§ **YOUR GOAL**: Taking the line with "王朝霞期末专项卷——走进法治" as the first and the line with "Deaver was also" as the last, set down the lines below exactly, pictures excluded.

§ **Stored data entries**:
● ● ●

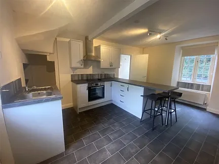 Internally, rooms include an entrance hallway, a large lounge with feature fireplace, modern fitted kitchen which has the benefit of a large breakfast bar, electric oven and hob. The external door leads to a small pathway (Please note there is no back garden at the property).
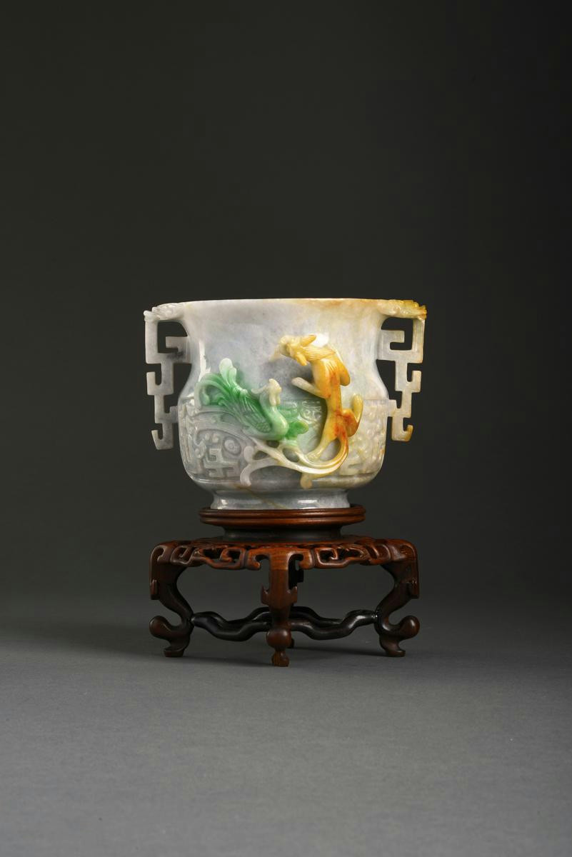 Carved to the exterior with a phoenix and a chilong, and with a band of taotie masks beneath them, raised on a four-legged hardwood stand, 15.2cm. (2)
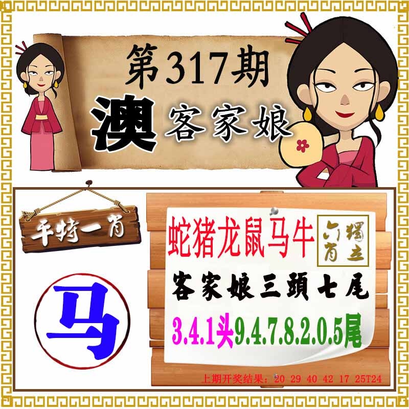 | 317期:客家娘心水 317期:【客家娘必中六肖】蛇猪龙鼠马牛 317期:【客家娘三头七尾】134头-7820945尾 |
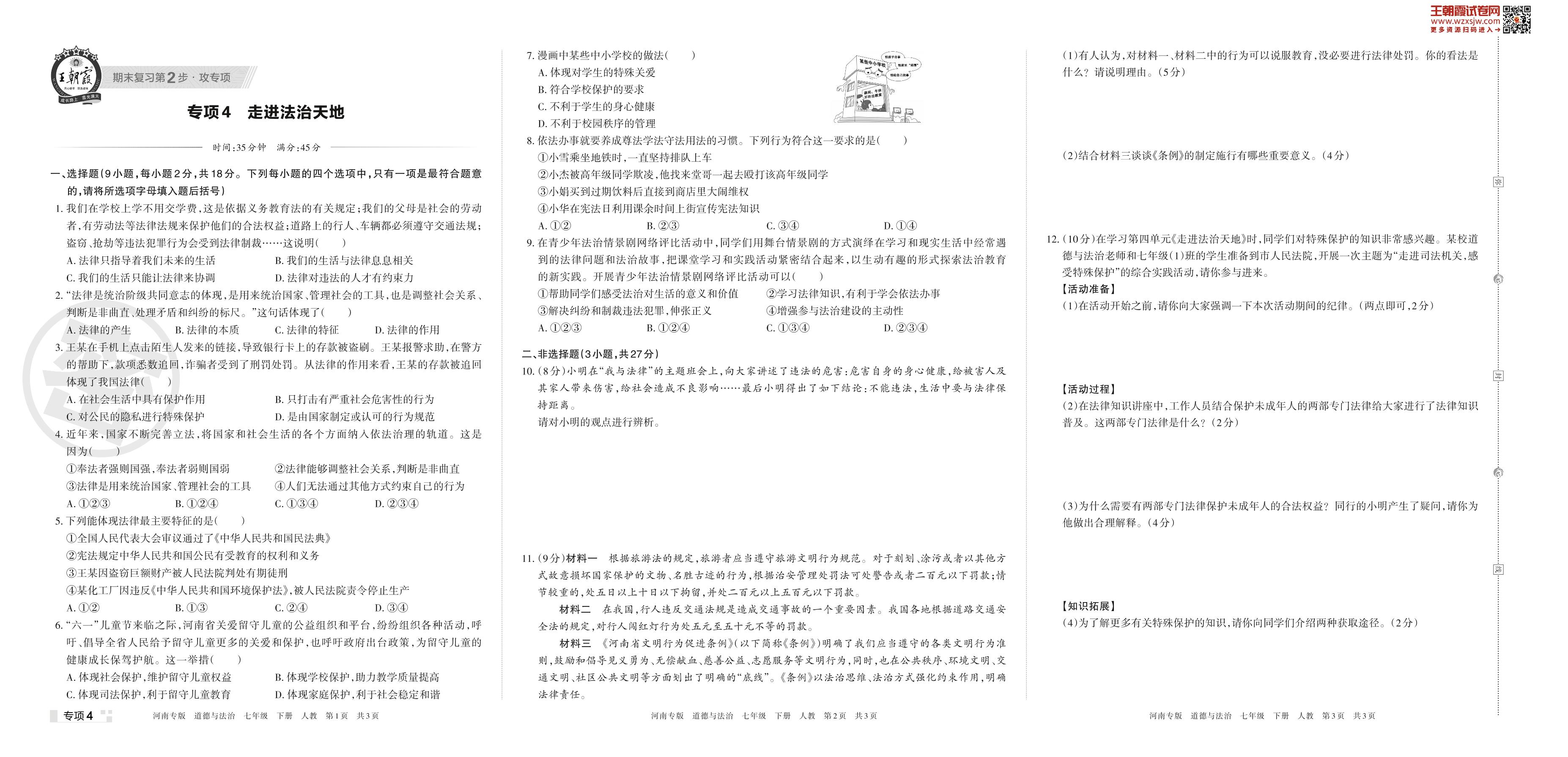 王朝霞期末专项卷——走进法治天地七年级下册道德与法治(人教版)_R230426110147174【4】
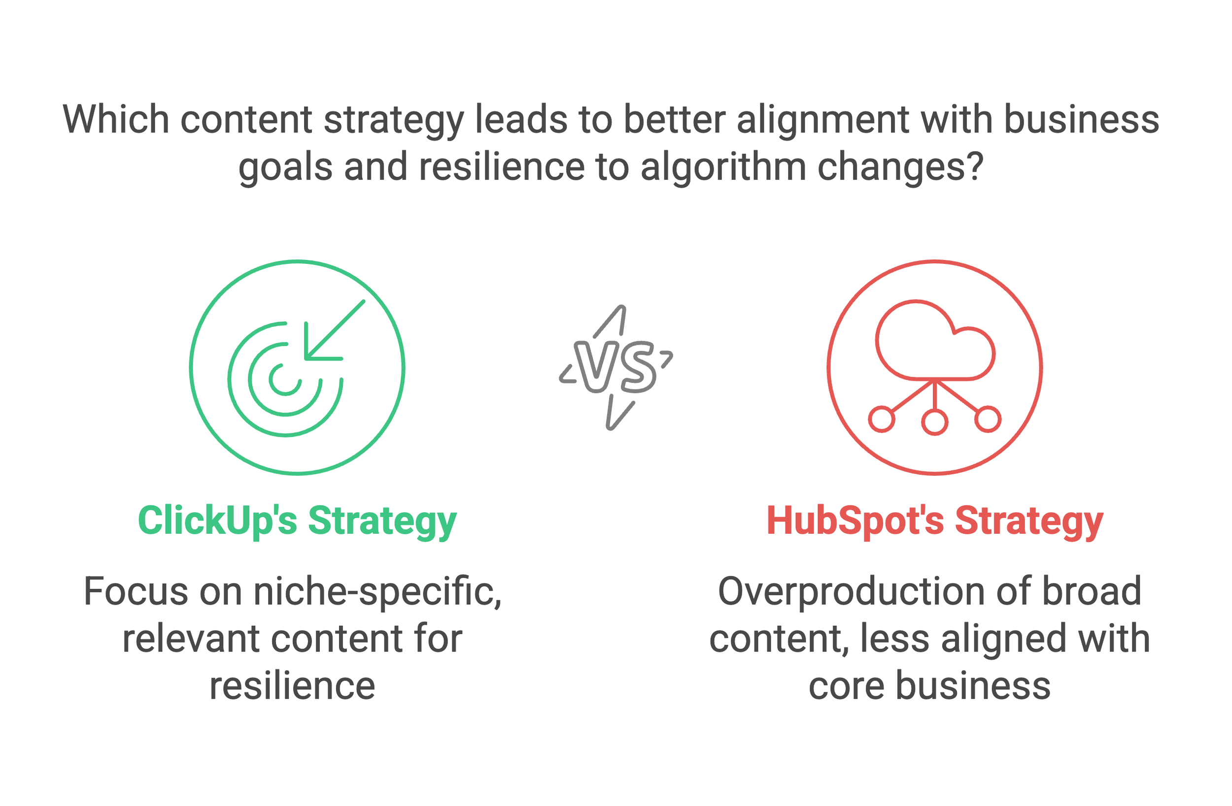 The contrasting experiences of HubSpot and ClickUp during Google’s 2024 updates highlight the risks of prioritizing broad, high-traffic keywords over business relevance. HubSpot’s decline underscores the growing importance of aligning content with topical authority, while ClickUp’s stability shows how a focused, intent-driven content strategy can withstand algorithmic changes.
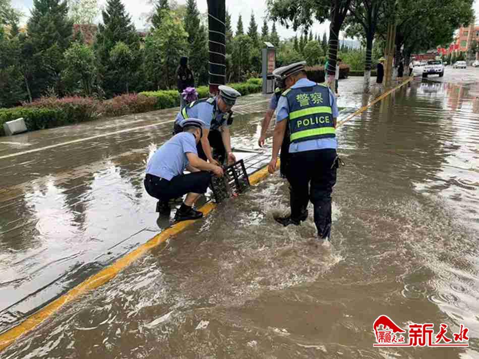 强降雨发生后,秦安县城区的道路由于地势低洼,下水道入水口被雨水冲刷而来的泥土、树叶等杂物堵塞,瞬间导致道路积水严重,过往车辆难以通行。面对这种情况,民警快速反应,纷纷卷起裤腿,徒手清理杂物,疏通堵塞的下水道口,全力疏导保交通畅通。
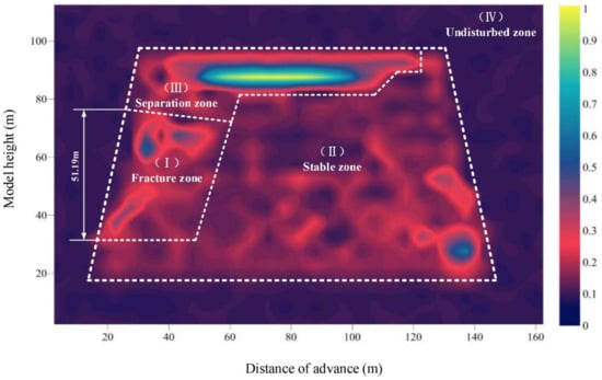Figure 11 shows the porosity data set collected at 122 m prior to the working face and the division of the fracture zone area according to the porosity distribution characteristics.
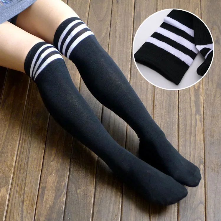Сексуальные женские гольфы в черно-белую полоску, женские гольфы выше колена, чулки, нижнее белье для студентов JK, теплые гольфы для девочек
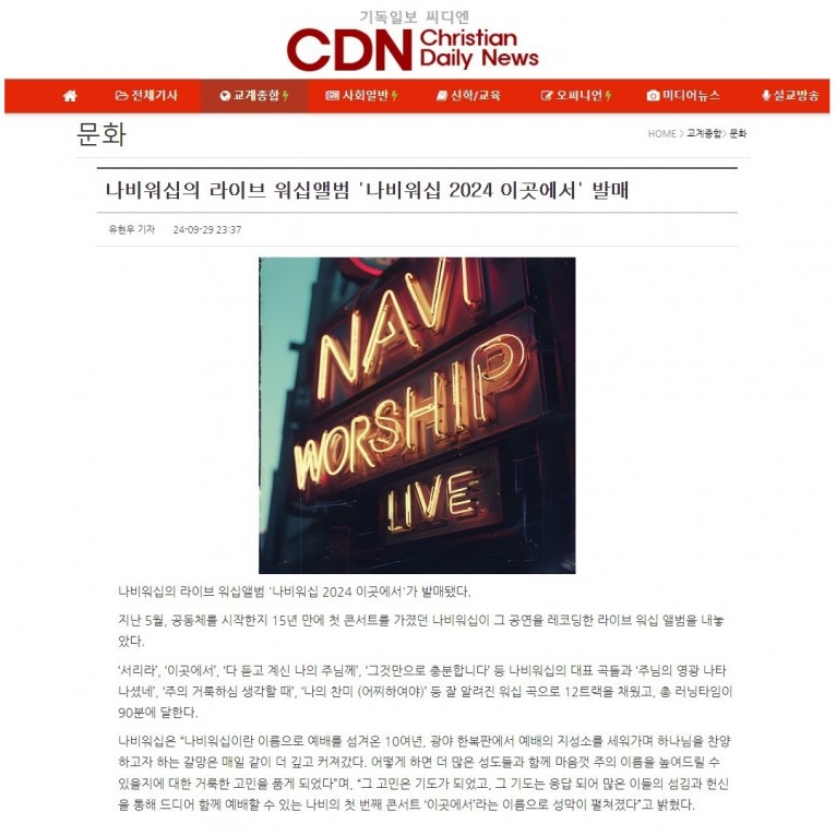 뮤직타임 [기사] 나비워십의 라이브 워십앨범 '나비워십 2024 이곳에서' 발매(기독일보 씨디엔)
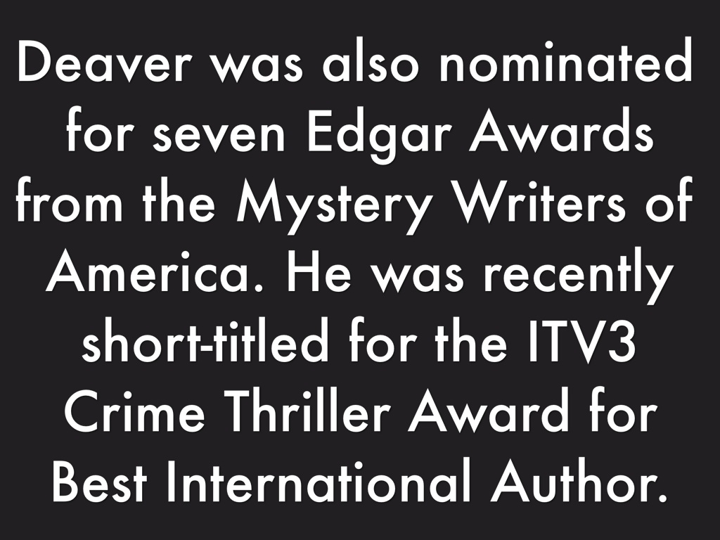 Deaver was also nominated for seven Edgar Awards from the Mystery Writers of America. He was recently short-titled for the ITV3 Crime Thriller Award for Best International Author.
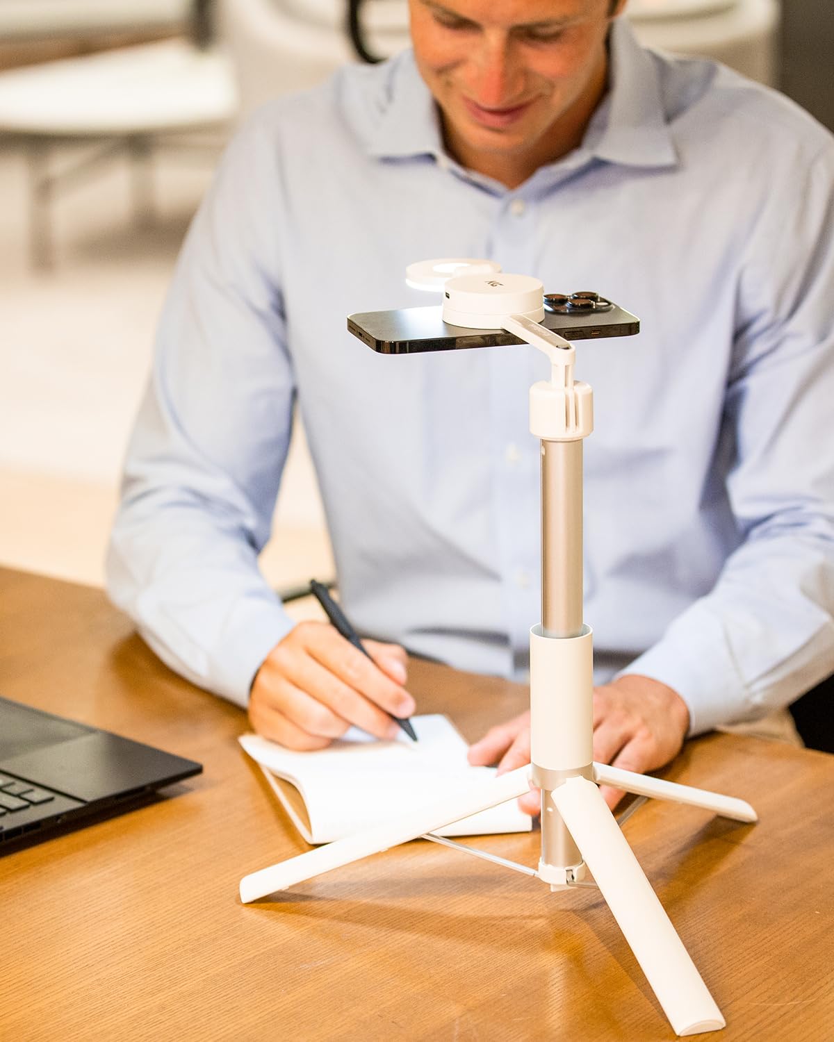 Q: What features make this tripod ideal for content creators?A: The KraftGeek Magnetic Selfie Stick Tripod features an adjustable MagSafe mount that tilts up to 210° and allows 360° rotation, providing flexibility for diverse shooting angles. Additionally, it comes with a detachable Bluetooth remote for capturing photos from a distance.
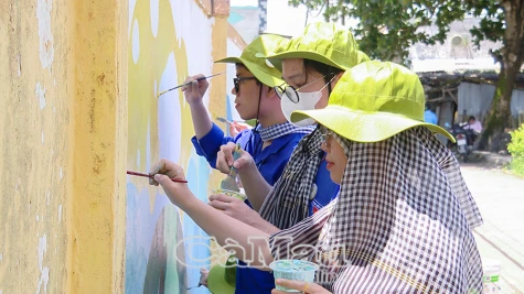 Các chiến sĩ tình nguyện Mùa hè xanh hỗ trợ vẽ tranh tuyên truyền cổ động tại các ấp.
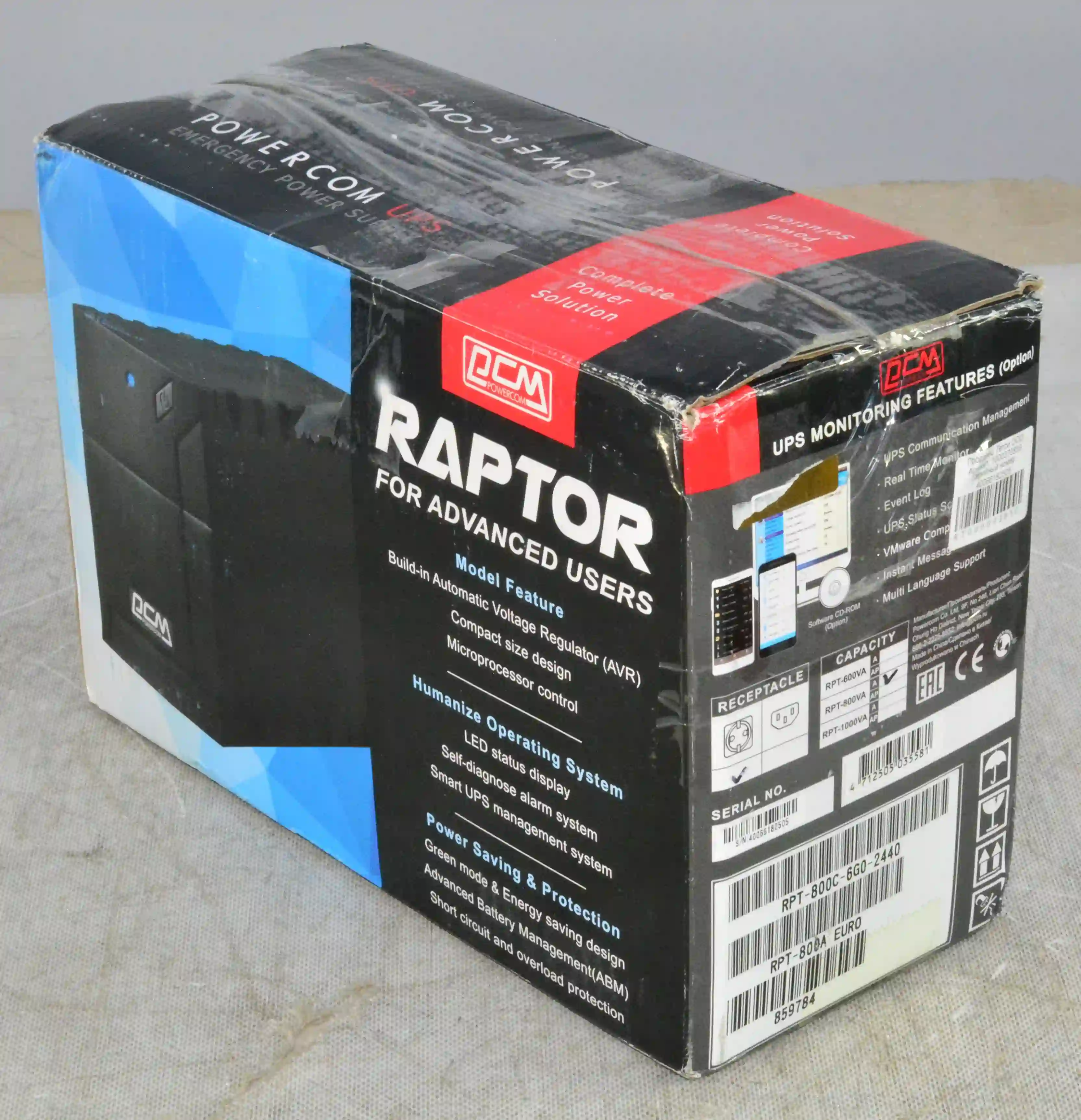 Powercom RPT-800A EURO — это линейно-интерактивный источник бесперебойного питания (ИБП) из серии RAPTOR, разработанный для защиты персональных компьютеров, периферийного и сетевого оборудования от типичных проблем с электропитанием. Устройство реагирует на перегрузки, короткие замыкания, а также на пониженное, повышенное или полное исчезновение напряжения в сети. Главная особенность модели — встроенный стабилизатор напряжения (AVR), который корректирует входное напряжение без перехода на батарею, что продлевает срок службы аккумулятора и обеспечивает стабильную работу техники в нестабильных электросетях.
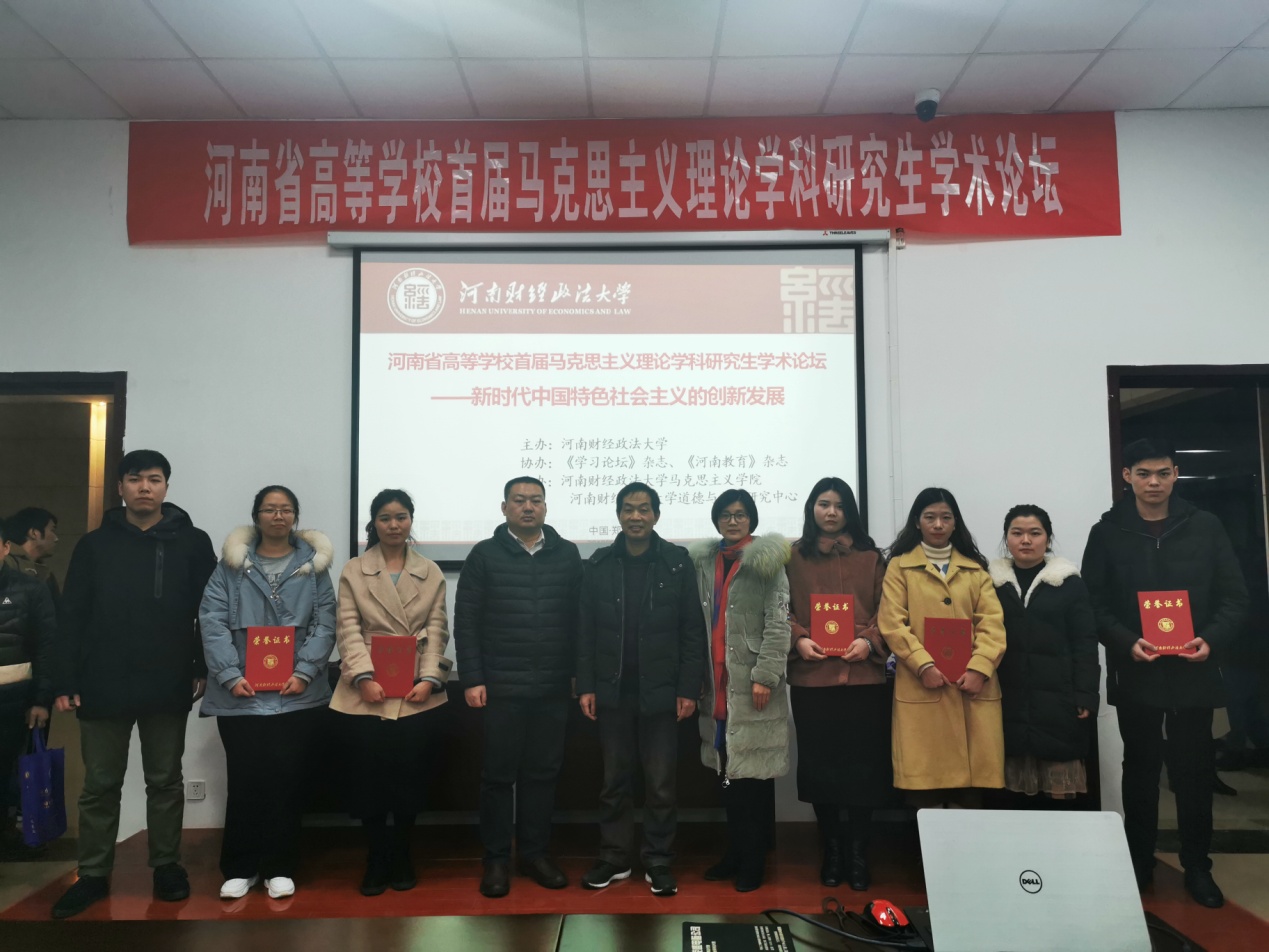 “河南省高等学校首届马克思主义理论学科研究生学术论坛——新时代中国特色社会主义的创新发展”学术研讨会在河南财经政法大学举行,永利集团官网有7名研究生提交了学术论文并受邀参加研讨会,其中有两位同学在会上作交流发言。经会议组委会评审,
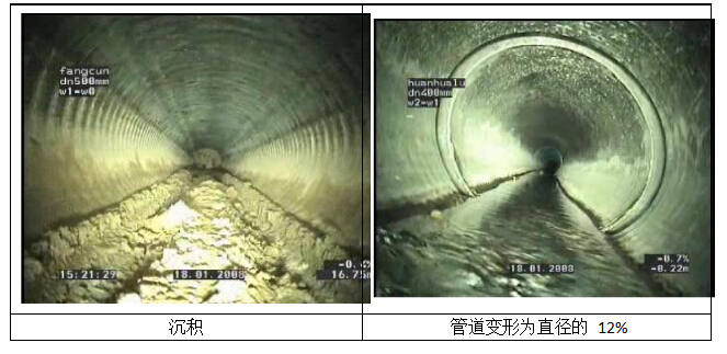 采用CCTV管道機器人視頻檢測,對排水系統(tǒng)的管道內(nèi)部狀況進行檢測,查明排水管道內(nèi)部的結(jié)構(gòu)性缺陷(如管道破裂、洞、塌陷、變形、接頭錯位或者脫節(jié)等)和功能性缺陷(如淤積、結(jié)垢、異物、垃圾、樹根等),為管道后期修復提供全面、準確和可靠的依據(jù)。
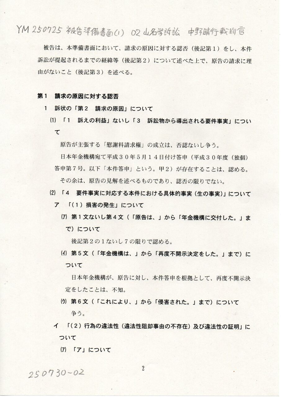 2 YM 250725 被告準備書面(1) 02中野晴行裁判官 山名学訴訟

● ● ●

§ **TASK ANSWER**:
 王朝霞期末专项卷——走进法治天地七年级下册道德与法治(人教版)_R230426110147174【4】
 The contrasting experiences of HubSpot and ClickUp during Google’s 2024 updates highlight the risks of prioritizing broad, high-traffic keywords over business relevance. HubSpot’s decline underscores the growing importance of aligning content with topical authority, while ClickUp’s stability shows how a focused, intent-driven content strategy can withstand algorithmic changes.
 强降雨发生后,秦安县城区的道路由于地势低洼,下水道入水口被雨水冲刷而来的泥土、树叶等杂物堵塞,瞬间导致道路积水严重,过往车辆难以通行。面对这种情况,民警快速反应,纷纷卷起裤腿,徒手清理杂物,疏通堵塞的下水道口,全力疏导保交通畅通。
Figure 11 shows the porosity data set collected at 122 m prior to the working face and the division of the fracture zone area according to the porosity distribution characteristics.
Сексуальные женские гольфы в черно-белую полоску, женские гольфы выше колена, чулки, нижнее белье для студентов JK, теплые гольфы для девочек
 뮤직타임 [기사] 나비워십의 라이브 워십앨범 '나비워십 2024 이곳에서' 발매(기독일보 씨디엔)
 Deaver was also nominated for seven Edgar Awards from the Mystery Writers of America. He was recently short-titled for the ITV3 Crime Thriller Award for Best International Author.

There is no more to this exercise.